16. August 2021Peter Pionke
Wie kann man Angsträume zu sicheren Orten machen?
Sicherheit und Sicherheitswahrnehmung im öffentlichen Raum sind dabei seine Schwerpunktthemen. Sie stellen eine sinnvolle Ergänzung zu den Projekten seiner Kolleginnen und Kollegen dar, die sich vornehmlich mit Großschadenslagen wie der jüngsten Hochwasserkatastrophe beschäftigen. Dadurch sei der Lehrstuhl sehr interdisziplinär aufgestellt und erlaube einen weiten Blick auf Sicherheit und Unsicherheit aus ganz verschiedenen Perspektiven.
„Angsträume sind generell Orte“, erklärt Lukas, „die aufgrund ihrer Lage, Baustruktur und Nutzung von bestimmten Menschen gemieden werden, da sie dort ein erhöhtes Gefühl von Unsicherheit empfinden.“ Um diese Räume zu bewerten, nutzt der 45-Jährige Erkenntnisse aus der Kriminalgeografie. Die erlebten eine Blüte in den 70er Jahren, erklärt er, als man im Zuge des RAF-Terrorismus die sogenannte Rasterfahndung einführte, um Orte zu identifizieren, an denen sich möglicherweise Terrorverdächtige aufhielten.
„Im wissenschaftlichen Sinn, also weniger polizeilich betrachtet, ist Kriminalgeografie die Wissenschaft von der Verteilung von Kriminalität im Raum. Das ist das, was mich interessiert.“ Die Frage, die ihn dabei immer wieder beschäftigt, ist: Welche Bedingungen führen dazu, dass Kriminalität an manchen Orten konzentriert auftritt oder Unsicherheit an manchen Orten besonders wahrgenommen wird? Und ganz praktisch: Was kann getan werden, um die Sicherheit und Sicherheitswahrnehmung im öffentlichen Raum zu erhöhen?

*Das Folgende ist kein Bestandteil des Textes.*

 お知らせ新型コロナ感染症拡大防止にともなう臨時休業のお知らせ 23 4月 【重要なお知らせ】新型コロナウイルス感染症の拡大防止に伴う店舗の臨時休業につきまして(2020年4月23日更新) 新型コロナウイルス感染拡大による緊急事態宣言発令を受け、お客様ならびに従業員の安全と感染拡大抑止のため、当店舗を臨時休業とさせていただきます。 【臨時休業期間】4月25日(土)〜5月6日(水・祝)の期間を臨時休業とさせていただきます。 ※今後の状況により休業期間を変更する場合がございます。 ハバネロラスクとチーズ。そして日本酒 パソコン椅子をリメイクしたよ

Die Umgestaltung des öffentlichen Raumes
„Die städtebauliche Kriminalprävention kommt ursprünglich aus der Emanzipationsbewegung und ist etwas, was seit den 90er Jahren verstärkt umgesetzt wird. Es ging damals vor allem um die Angsträume von Frauen“, berichtet der Wissenschaftler. Das seien z. B. dunkle Parkhäuser oder unübersichtliche Parkanlagen gewesen.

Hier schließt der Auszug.